The application is a web based content management system, running
under apache/mod-perl with a mysql back end. The machine in question
is running Slackware 9, Perl 5.8.1 and kernel 2.4.20.

The precise nature of the bug is that a character represented by \243
(163 decimal) in the iso-8859-1 character set is replaced by two
octets, \302\243, in some places. It appears that perl is converting
the data to a unicode representation and forgetting that it has done
this.

The first version of the bug was that after the line:

$contentList = [ join '', @$contentList ] unless $separate;

certain characters in the entries in @$contentList would be changed to
two-byte versions. The only happened about 1% of the time this code
was run. Changing the above line to be:

unless( $separate )
{
my $tmp = "";
foreach my $contentBit ( @$contentList )
{
$tmp .= $contentBit;
}
$contentList = [ $tmp ];
}

made the problem go away. In this case, the data comes directly from
the mysql database. It has been verified that the string is encoded
correctly up until that line, and wrongly afterwards.
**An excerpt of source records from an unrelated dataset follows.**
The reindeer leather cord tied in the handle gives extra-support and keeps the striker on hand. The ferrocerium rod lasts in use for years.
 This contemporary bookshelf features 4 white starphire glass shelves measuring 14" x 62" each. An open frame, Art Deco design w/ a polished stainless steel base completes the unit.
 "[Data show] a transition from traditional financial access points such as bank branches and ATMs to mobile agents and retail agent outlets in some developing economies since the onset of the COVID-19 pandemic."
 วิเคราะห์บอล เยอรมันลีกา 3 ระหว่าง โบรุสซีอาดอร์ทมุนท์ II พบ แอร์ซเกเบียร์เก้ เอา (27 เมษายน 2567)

In the second version of the bug, the line:

return $return . $parent;

resulted in a string being returned where all the pound signs in
$return had been altered. If a different string to $parent is
appended, there is no problem. The current solution is:

my $tmpParent = encode( "iso-8859-1", $parent );
return $return . $tmpParent;

NOTE: the characters which are altered are those in $return, while the
string whose endcoding I am playing with is in $parent.
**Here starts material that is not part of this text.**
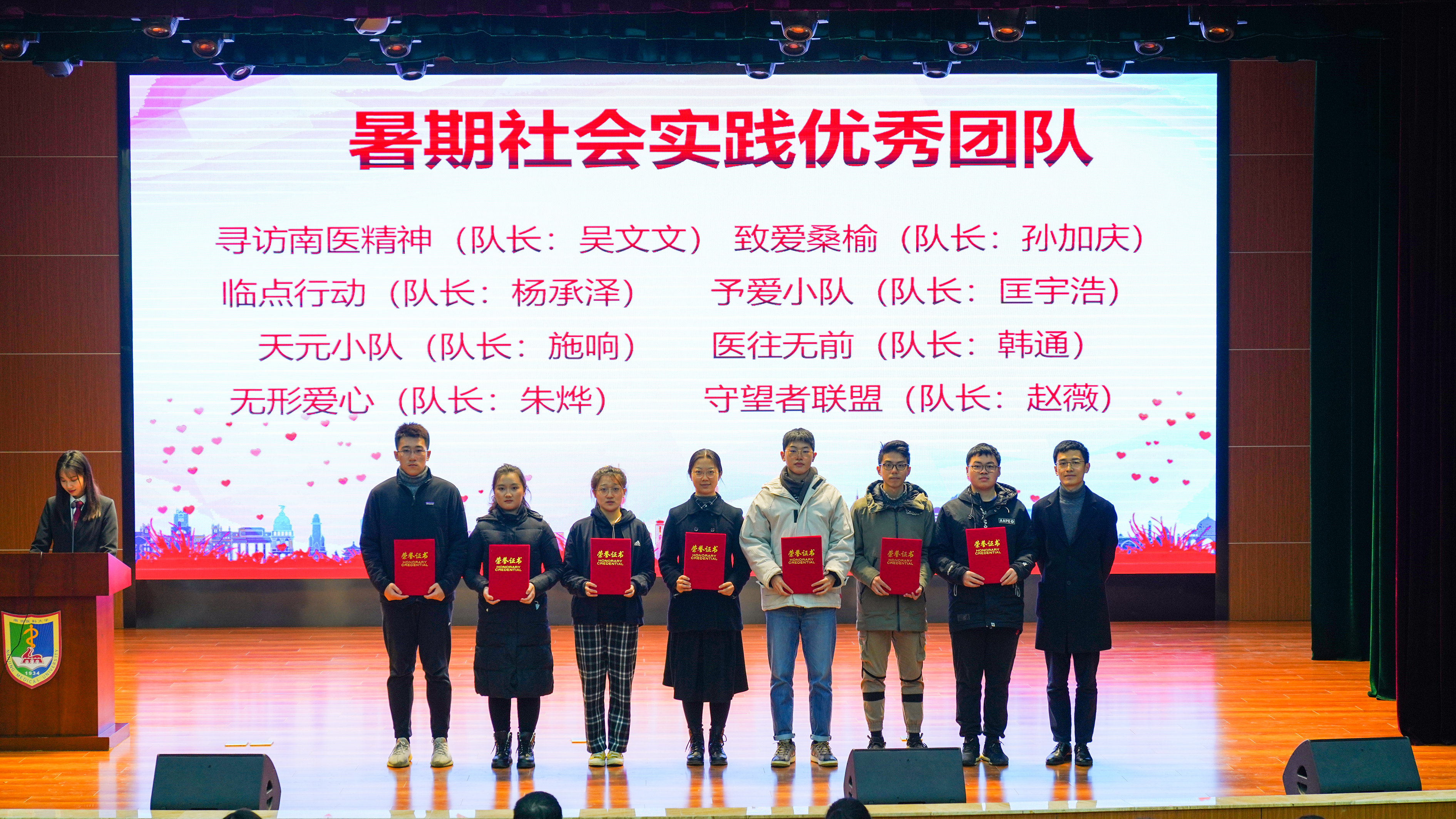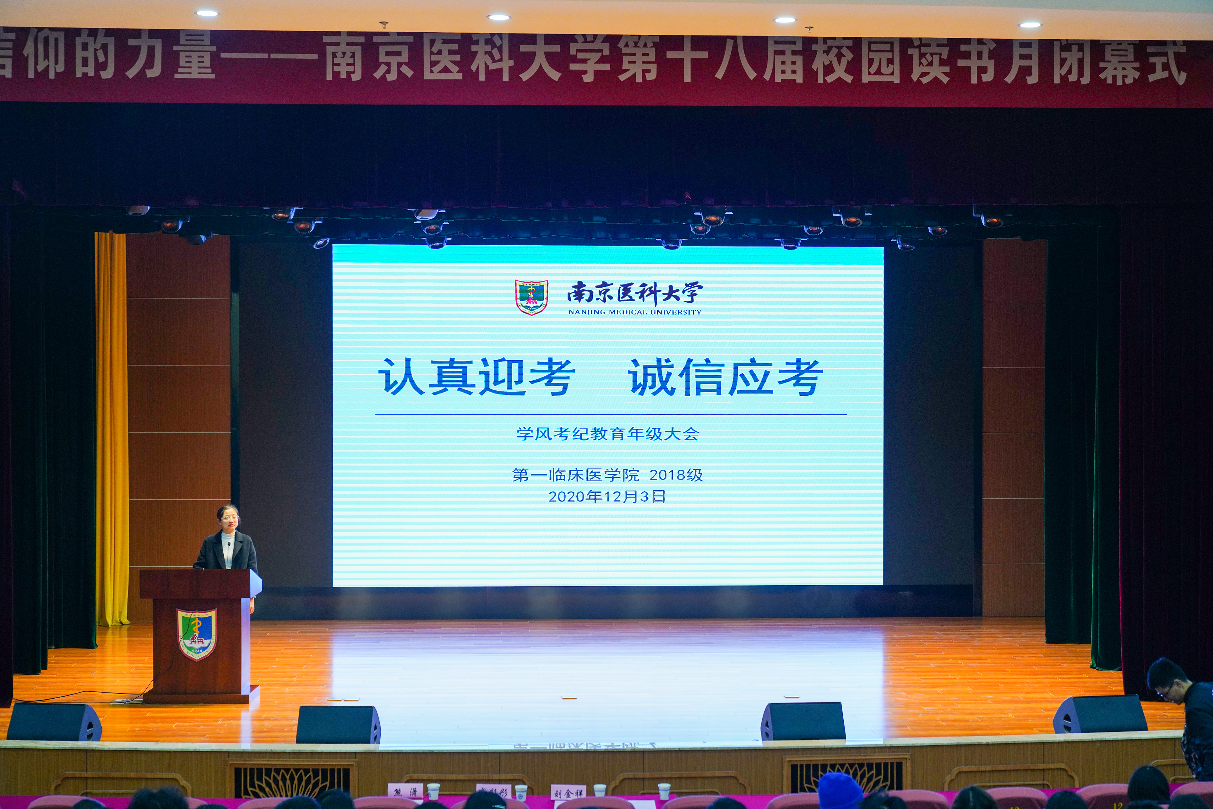 表彰大会上,总结回顾了一学年来2018级同学在学习、文体活动、暑期社会实践等方面取得的成绩。与会领导嘉宾为校优秀共青团员、校优秀学生干部、暑期社会实践优秀团队、暑期社会实践优秀个人、优秀读书笔记、特等奖学金、先进班集体、学风示范寝室、卫生优良寝室、运动会优秀运动员、运动会服务奉献奖等共计11个奖项的集体和个人颁奖。获奖代表,江苏省先进班集体获得者临床医学五年制3班班长汤君哲同学与校长奖学金获得者临床医学(5+3)一体化1班丰叶琪同学依次发言,分享班级和个人成长的故事表达对学校、学院领导老师培育的感谢。最后,学院党委副书记、副院长盛彤彤老师讲话,肯定了一临取得的成绩,18级同学的努力,表达了对同学们未来的期望。会前,陈老师还给同学们进行了学风考纪教育,并为同学们提供了诚信应考的小贴士,提醒同学们认真迎考、诚信应考。

In this case, there is data in $parent which comes via CGI, so I would
be able to believe an explanation along the lines of "$parent is
magically recognised as utf8, so when it is added to $return, $return
is converted to utf8 octets before they are joined", but I would find
this quite counter intuitive, since as I understand things perl uses
it's own internal representation for strings, and should only need to
convert on the way in or out.

With resepect to machine dependance, it happens on only one machine
which is running our software. To create a test platform, we took a
disk image of the system partition, loaded it onto a new machine and
compiled a new kernel which differed only in network card support.
This new machine did not fix the problem. As we were originally
running perl 5.8.0, we tried upgrading to 5.8.1, but this had no
effect.

So, to sum up,

- Can anyone explain what is going on here, the intermittent
occurences, the machine dependance and the general behaviour?

- Can anyone suggest a way to avoid these problems?
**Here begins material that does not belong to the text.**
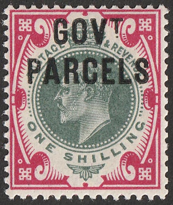 opt KEVII 1/- green & carmine. VF fresh MNH. Scott O43 cat US$1550 for M, SG O78 cat £1350 for M, should be at least double, £2700 MNH. Rare genuine example & certificate can be obtained on request. (P) (Image1)
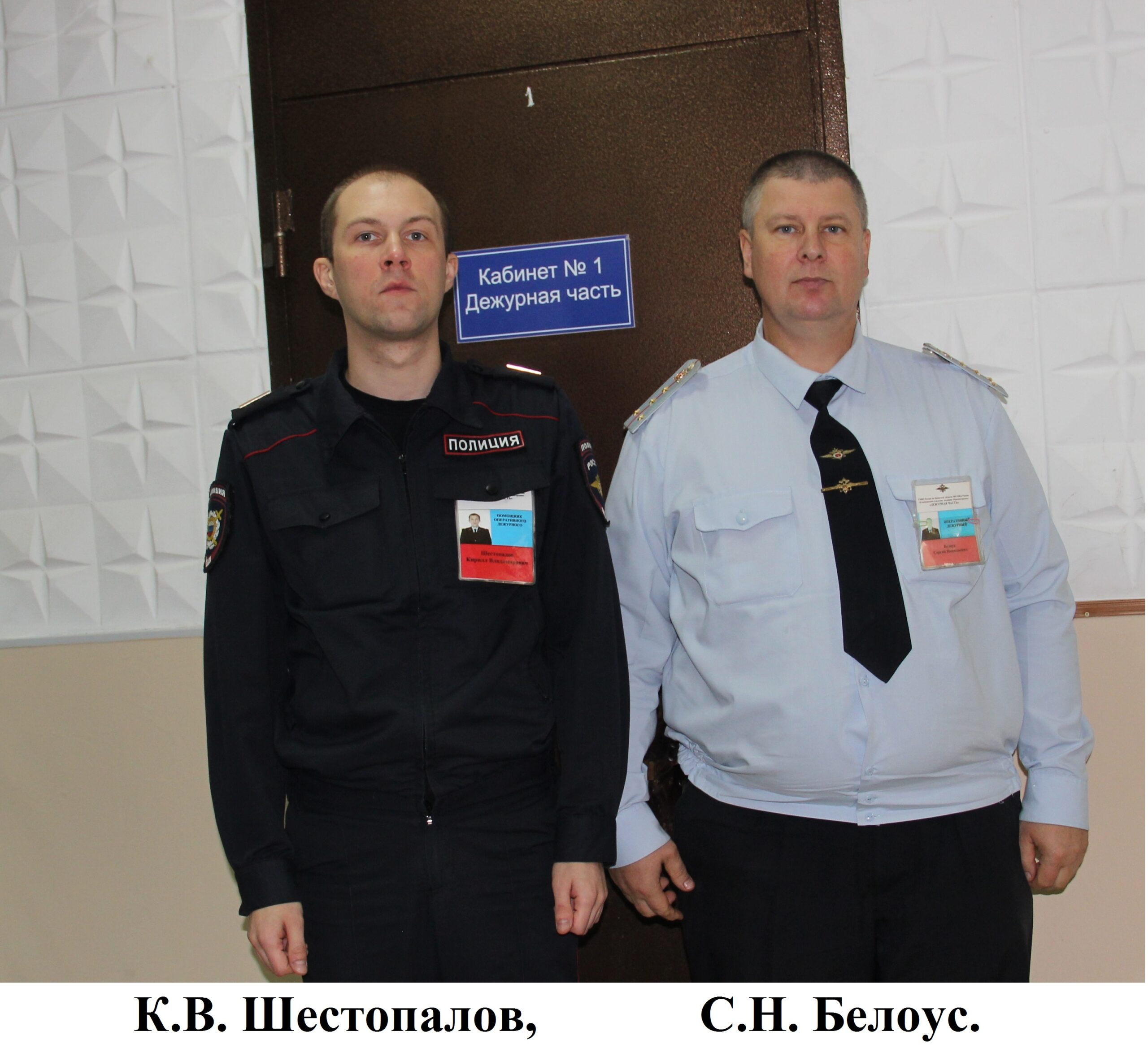 Дежурная часть отделения полиции как горячая точка: телефон может зазвонить в любое время суток, независимо будний это день или выходной. И на каждый звонок, а также заявление, обращение сотрудники полиции обязаны отреагировать. В момент нашего посещения отделения полиции «Красногорское» службу несли оперативный дежурный капитан полиции С.Н. Белоус и помощник оперативного дежурного старшина полиции К.В. Шестопалов . Все сотрудники дежурной части имеют большой стаж службы, так у Сергея Николаевича – 24 года, у Кирилла Владимировича – 10 лет. Накопленный опыт помогает сотрудникам этого подразделения правильно выстроить диалог с любым человеком, который обращается за помощью, быстро оценить полученную информацию и оперативно скоординировать работу всех, кого нужно подключить к делу.

(For the record, I've read the perldoc on perlunicode and utf8, lurked
for a while, read google archives and read a fair amount on character
encodings)

Thanks to anyone who's made it this far for your time,
Dave Murray-Rust
 
B

Ben Morrow

David Murray-Rust said:
The first version of the bug was that after the line:

$contentList = [ join '', @$contentList ] unless $separate;

certain characters in the entries in @$contentList would be changed to
two-byte versions. The only happened about 1% of the time this code
was run. Changing the above line to be:

unless( $separate )
{
my $tmp = "";
foreach my $contentBit ( @$contentList )
{
$tmp .= $contentBit;
}
$contentList = [ $tmp ];
}

made the problem go away. In this case, the data comes directly from
the mysql database. It has been verified that the string is encoded
correctly up until that line, and wrongly afterwards.

How perl stores the data internally should be considered none of your
business. (It is in fact either iso8859-1 or utf8 on ASCII machines,
with a flag set on each scalar to say which. It is easier, however, to
regard a text string as being a set of Unicode characters, and not
worry about how they are represented.) However, it may be that how it
is stored in your mysql database is confusing perl, if the code you
are using to interface to the database doesn't correctly decode the
data into perl's own encoding. In particular, if you use iso8859-1 you
may get bitten far more irregularly than if you use other encodings.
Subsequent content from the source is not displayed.